Exact reproduction of all the entries is required, without any of their pictures.

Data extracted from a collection

=== Section Start ===

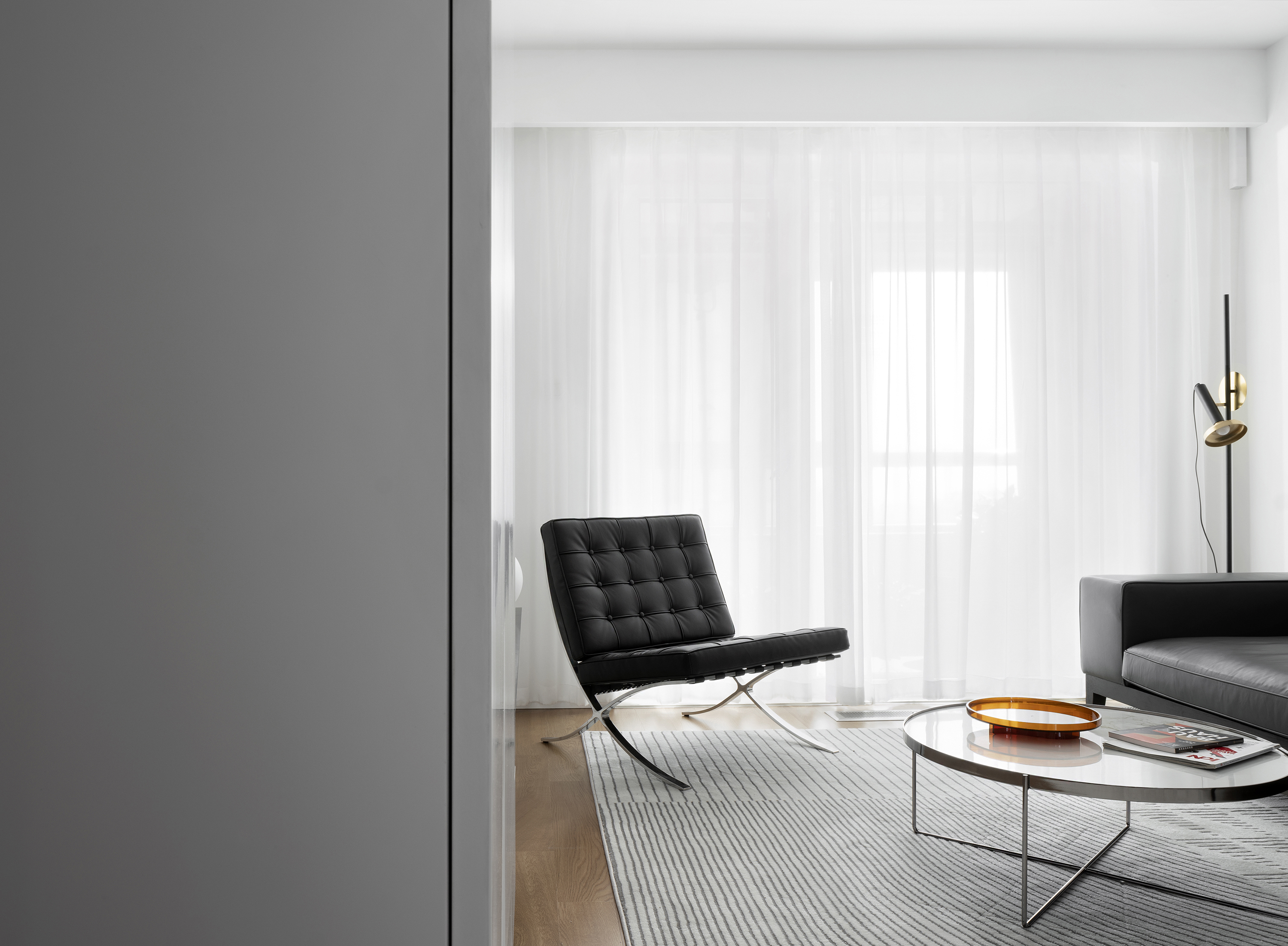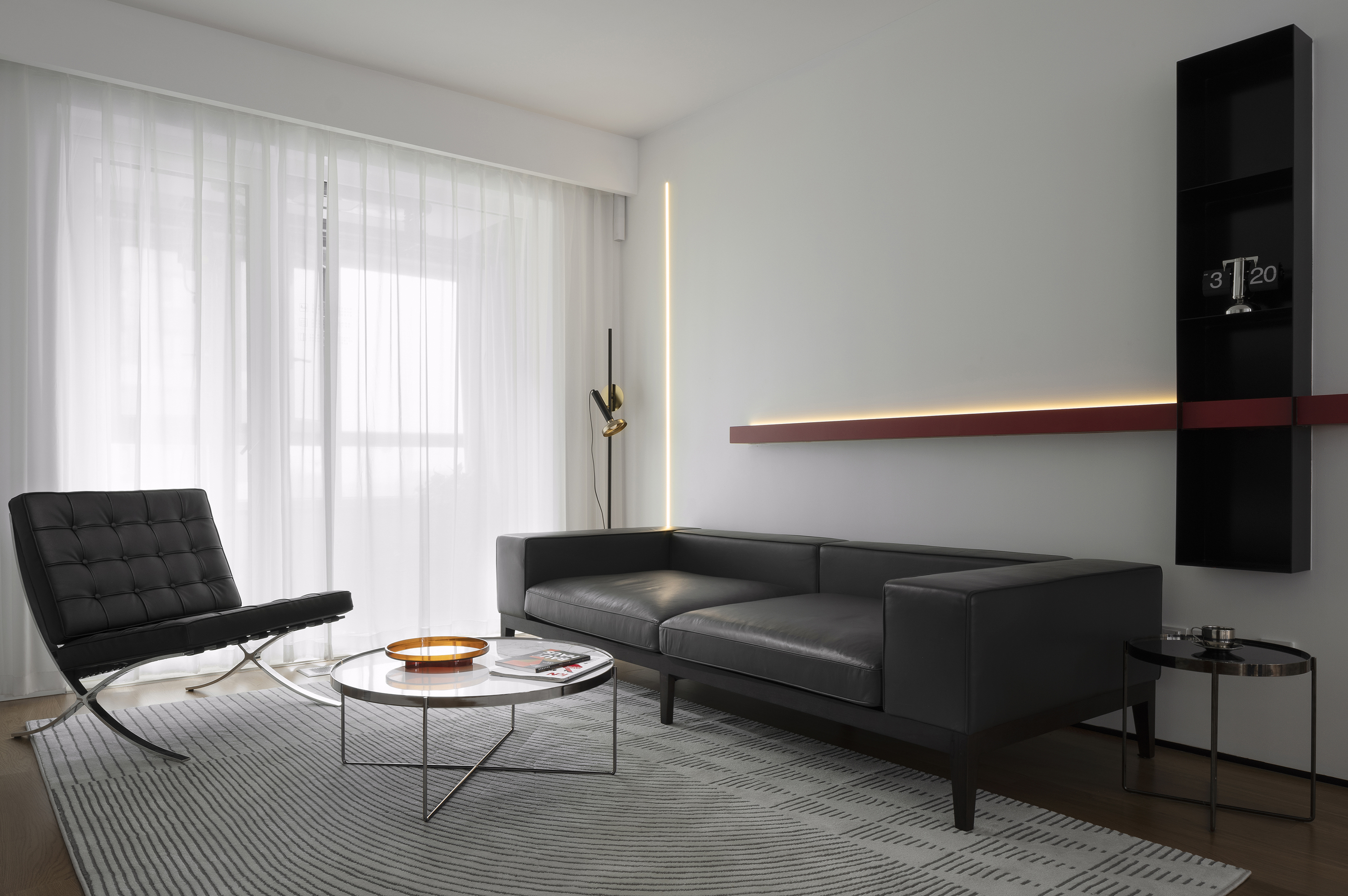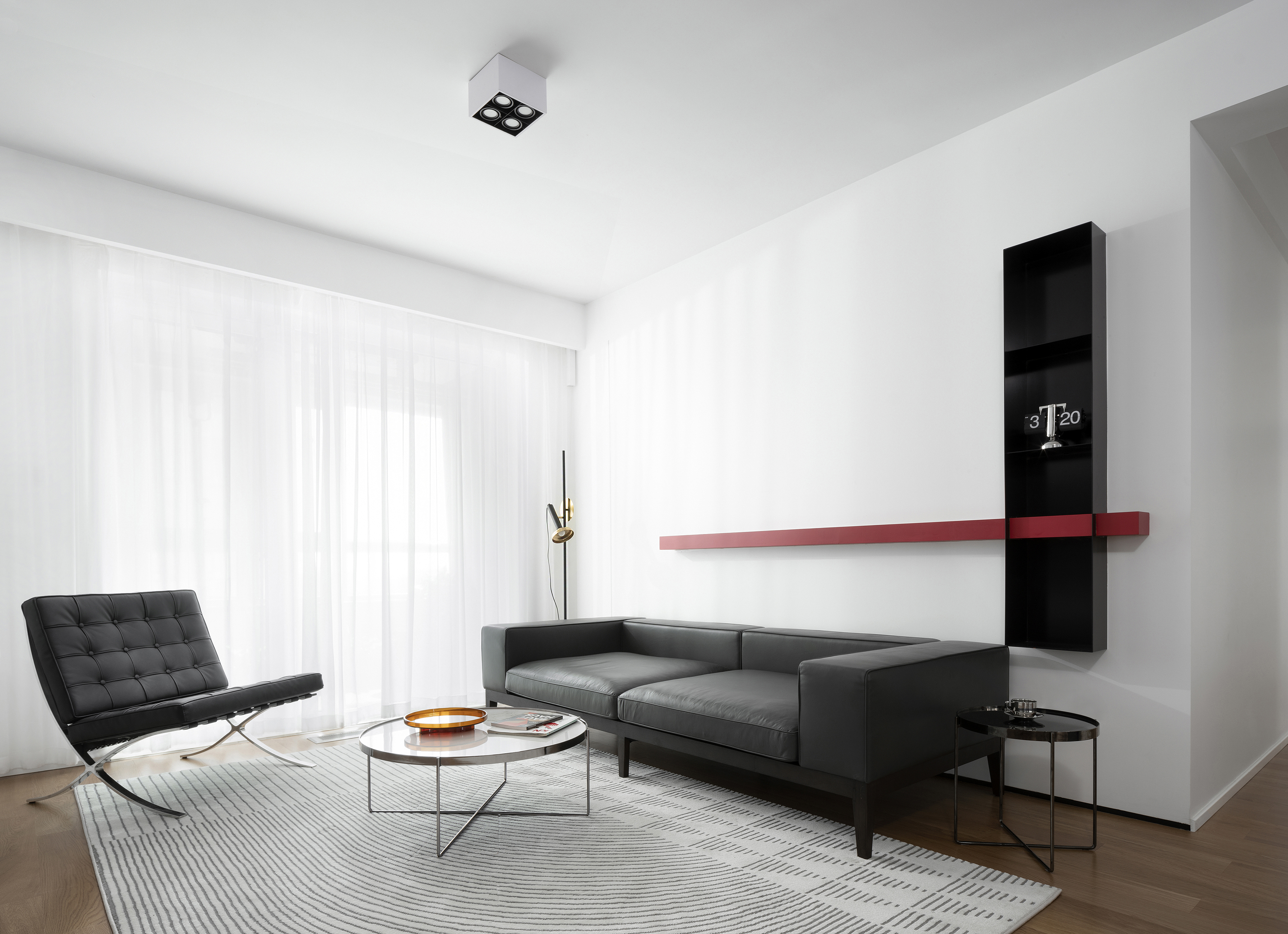 本案例是我们到目前为止,改动受限最大的精装改造项目。 由于原房屋精装交付采用了三恒(恒温恒湿恒氧)系统,从顶面到墙面再到地面都不可以随意改动,甚至顶面多加一盏灯都不可以。 两位业主也是设计专业,大学期间就对包豪斯(BAUHAUS)有所了解。方案设计于2019年,正好也是包豪斯(BAUHAUS)诞生100周年,于是决定将这一主题带入这次的方案设计。 改造后客厅全景。电视背景墙面定制柜体,增加了储物空间。客厅东西面开间尺寸只有3.3米,所以没有选择放置成品电视柜,而是定制6mm厚的黑色钢板代替它。墙面原始插座移位至电视机背后,避免后期使用不便。原开发商交付的普通款明装筒灯都更换为智能筒灯,可以用手机APP控制照明的开关及明暗亮度。
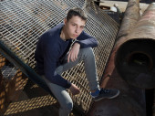 atrakcyjny i stylowy, jasnowłosy młody biały facet pozujący z poważną twarzą ubrany w sweter i dżinsy w strefie przemysłowej pod niebieską żelazną ścianą i niebieskim pochmurnym niebem. niższy kąt
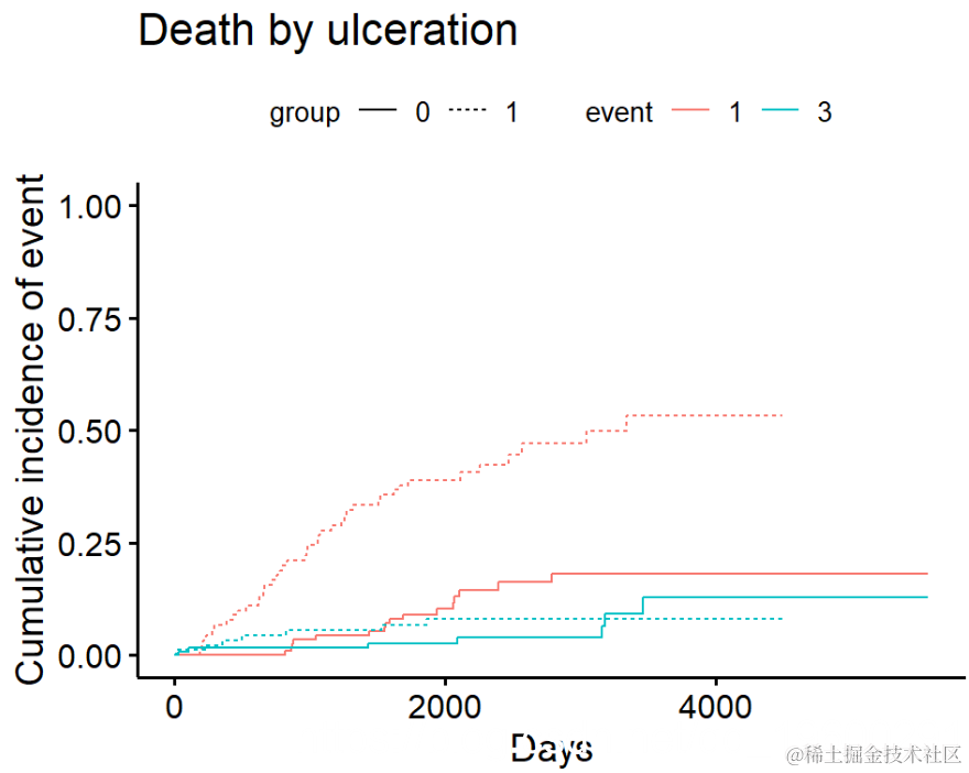 请注意, 我个人发现该ggcompetingrisks功能缺少自定义功能,尤其是与相比ggsurvplot。我通常会自己做图,首先创建cuminc拟合结果的整洁数据集,然后再绘制结果。有关底层代码的详细信息,请参见此演示文稿的
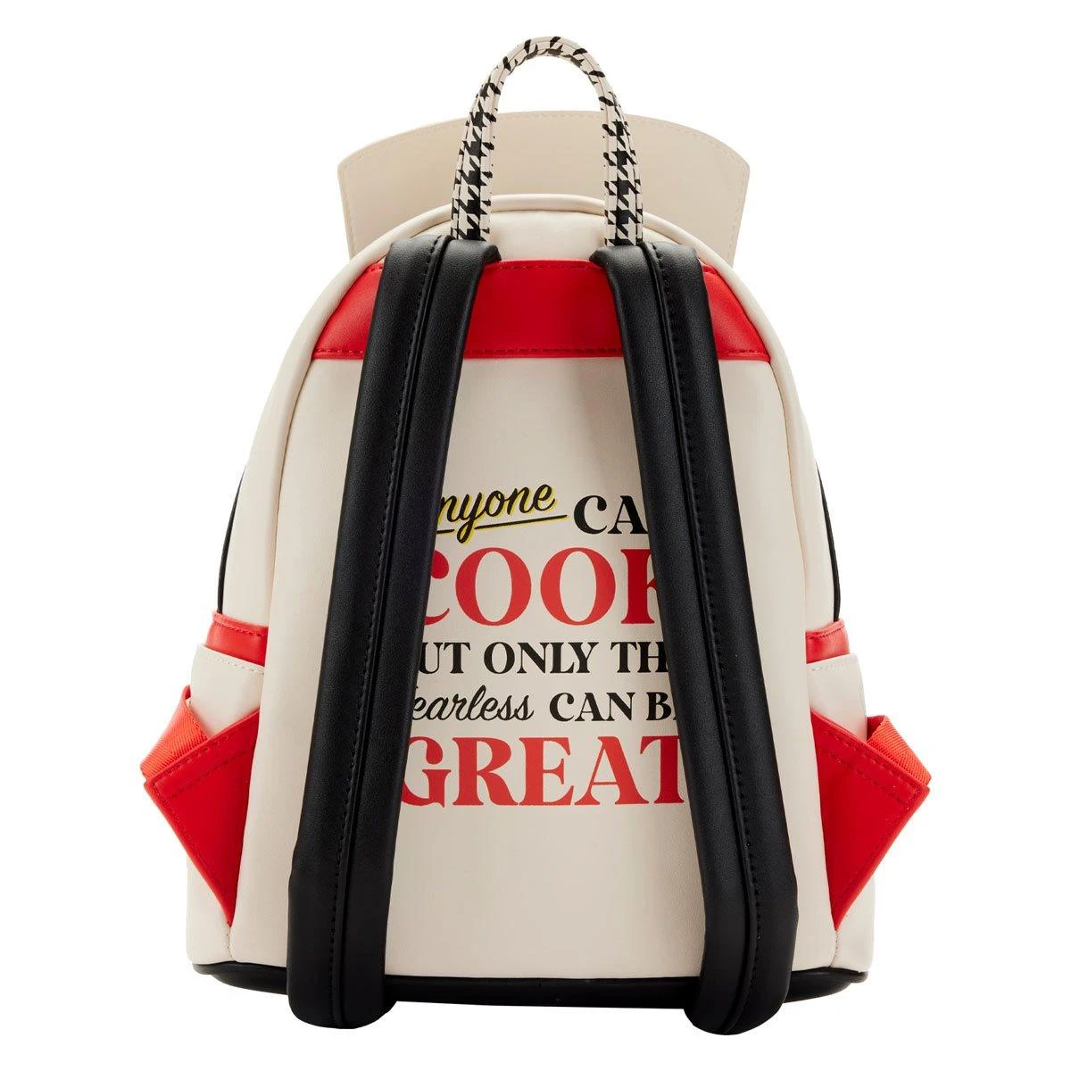 Sumptuous delights are simmering in the kitchen, and the secret to the sauce is under a hat. Capture your favorite animated cooking scenes and show your love for culinary treats with this Loungefly Disney-Pixar Ratatouille 15th Anniversary Linguini Cosplay Mini Backpack. On the front of this backpack, the top of Linguini’s head peaks out, his applique chef’s hat extending beyond the borders of the backpack dome. Turn the lights off, and the secret to Linguini’s success is revealed: Remy’s shape glows from underneath! A hidden pocket is nestled behind Linguini’s hair, topped off with an enamel zipper charm of a wedge of cheese—just for Remy. A side pocket features an adorable print of a wooden spoon and fork. On the back, a debossed message reads, “Anyone can cook, but only the fearless can be great.” This backpack is the perfect accessory for pairing with a Disney outfit, or for turning any outing into a magical and special occasion.
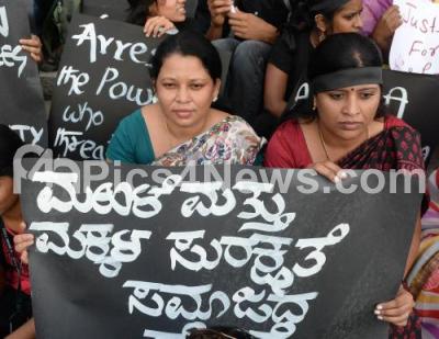 Photo Caption : Various organisations members protesting against the brutal rape and murder case of 8 year old girl Asifa, from Kathua in Jammu and Kashmir and demanding for justice, the protest held at Town Hall, in Bengaluru on Monday 16th April 2018
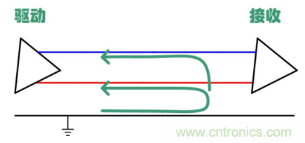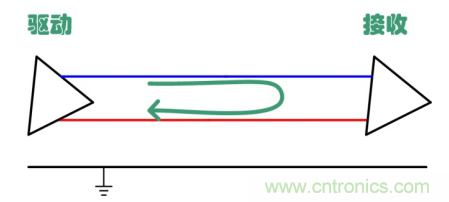 先介紹共模干擾,圖 1、圖 2分別給出了差模和共模干擾及其傳輸路徑。圖中的驅動器及接收器為差分信號傳輸,類似CAN總線。差模干擾產(chǎn)生于兩條傳輸線之間,共模干擾則在兩條線中同時產(chǎn)生,其電勢是以地為參考。
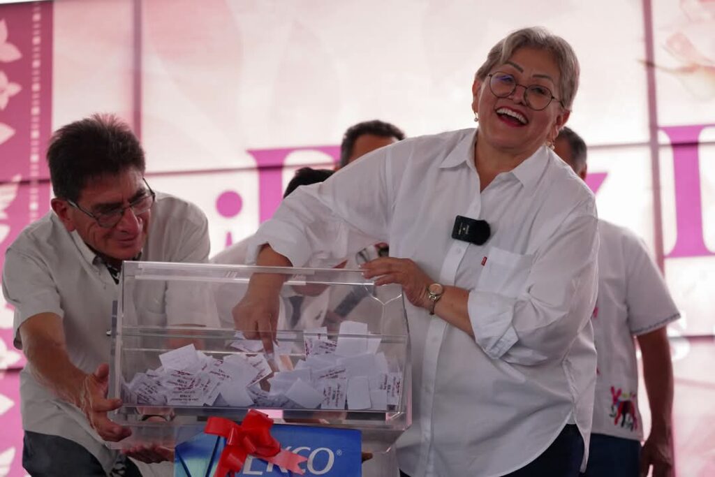 Durante los eventos realizados en distintas colonias del municipio, se rifaron refrigeradores, lavadoras, pantallas, electrodomésticos y otros obsequios entre las asistentes, quienes disfrutaron de un ambiente festivo lleno de sorpresas.
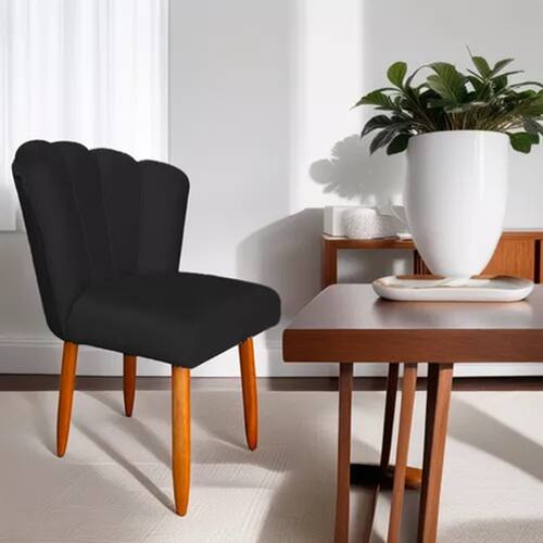 Cadeira Poltrona Sala Jantar Penteadeira Pétala Suede Preto
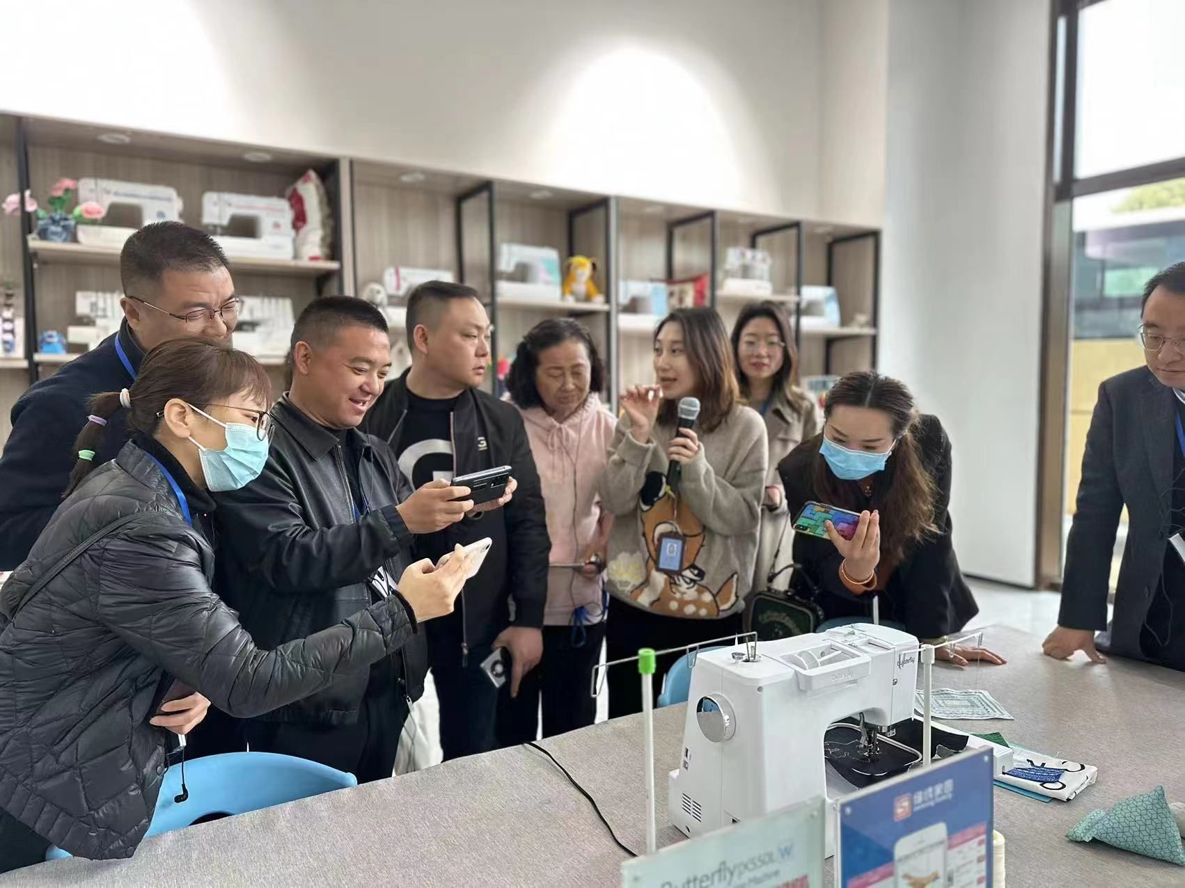 30日参观团前往上工申贝(集团)股份有限公司和上海威士机械制造有限公司,就高端西装(职业装)智能化设备及智能化微工厂和高端智能化针织设备等方面进行对接交流。老师们认真了解世界先进的智能化、信息化缝纫设备,就设备技术研发、设备应用等方面与公司技术人员深入探讨和交流。上海威士机械制造有限公司是一家从事服装智造装备、纺织品智能化洗涤整理等以及技术整合的高新技术企业,而上工申贝(集团)张敏董事长就公司国际化进程的主题介绍给参会者留下深刻印象:蝴蝶牌家用缝纫机老字号的演变历程,公司改制到走向国际所一直坚持“品质第一、创新发展”的战略,无不在大力“弘扬工匠精神,才最终勇立潮头”。

=== Section End ===

## SOLUTION
 本案例是我们到目前为止,改动受限最大的精装改造项目。 由于原房屋精装交付采用了三恒(恒温恒湿恒氧)系统,从顶面到墙面再到地面都不可以随意改动,甚至顶面多加一盏灯都不可以。 两位业主也是设计专业,大学期间就对包豪斯(BAUHAUS)有所了解。方案设计于2019年,正好也是包豪斯(BAUHAUS)诞生100周年,于是决定将这一主题带入这次的方案设计。 改造后客厅全景。电视背景墙面定制柜体,增加了储物空间。客厅东西面开间尺寸只有3.3米,所以没有选择放置成品电视柜,而是定制6mm厚的黑色钢板代替它。墙面原始插座移位至电视机背后,避免后期使用不便。原开发商交付的普通款明装筒灯都更换为智能筒灯,可以用手机APP控制照明的开关及明暗亮度。
 atrakcyjny i stylowy, jasnowłosy młody biały facet pozujący z poważną twarzą ubrany w sweter i dżinsy w strefie przemysłowej pod niebieską żelazną ścianą i niebieskim pochmurnym niebem. niższy kąt
 请注意, 我个人发现该ggcompetingrisks功能缺少自定义功能,尤其是与相比ggsurvplot。我通常会自己做图,首先创建cuminc拟合结果的整洁数据集,然后再绘制结果。有关底层代码的详细信息,请参见此演示文稿的
 Sumptuous delights are simmering in the kitchen, and the secret to the sauce is under a hat. Capture your favorite animated cooking scenes and show your love for culinary treats with this Loungefly Disney-Pixar Ratatouille 15th Anniversary Linguini Cosplay Mini Backpack. On the front of this backpack, the top of Linguini’s head peaks out, his applique chef’s hat extending beyond the borders of the backpack dome. Turn the lights off, and the secret to Linguini’s success is revealed: Remy’s shape glows from underneath! A hidden pocket is nestled behind Linguini’s hair, topped off with an enamel zipper charm of a wedge of cheese—just for Remy. A side pocket features an adorable print of a wooden spoon and fork. On the back, a debossed message reads, “Anyone can cook, but only the fearless can be great.” This backpack is the perfect accessory for pairing with a Disney outfit, or for turning any outing into a magical and special occasion.
 Photo Caption : Various organisations members protesting against the brutal rape and murder case of 8 year old girl Asifa, from Kathua in Jammu and Kashmir and demanding for justice, the protest held at Town Hall, in Bengaluru on Monday 16th April 2018
 先介紹共模干擾,圖 1、圖 2分別給出了差模和共模干擾及其傳輸路徑。圖中的驅動器及接收器為差分信號傳輸,類似CAN總線。差模干擾產(chǎn)生于兩條傳輸線之間,共模干擾則在兩條線中同時產(chǎn)生,其電勢是以地為參考。
 Durante los eventos realizados en distintas colonias del municipio, se rifaron refrigeradores, lavadoras, pantallas, electrodomésticos y otros obsequios entre las asistentes, quienes disfrutaron de un ambiente festivo lleno de sorpresas.
 Cadeira Poltrona Sala Jantar Penteadeira Pétala Suede Preto
 30日参观团前往上工申贝(集团)股份有限公司和上海威士机械制造有限公司,就高端西装(职业装)智能化设备及智能化微工厂和高端智能化针织设备等方面进行对接交流。老师们认真了解世界先进的智能化、信息化缝纫设备,就设备技术研发、设备应用等方面与公司技术人员深入探讨和交流。上海威士机械制造有限公司是一家从事服装智造装备、纺织品智能化洗涤整理等以及技术整合的高新技术企业,而上工申贝(集团)张敏董事长就公司国际化进程的主题介绍给参会者留下深刻印象:蝴蝶牌家用缝纫机老字号的演变历程,公司改制到走向国际所一直坚持“品质第一、创新发展”的战略,无不在大力“弘扬工匠精神,才最终勇立潮头”。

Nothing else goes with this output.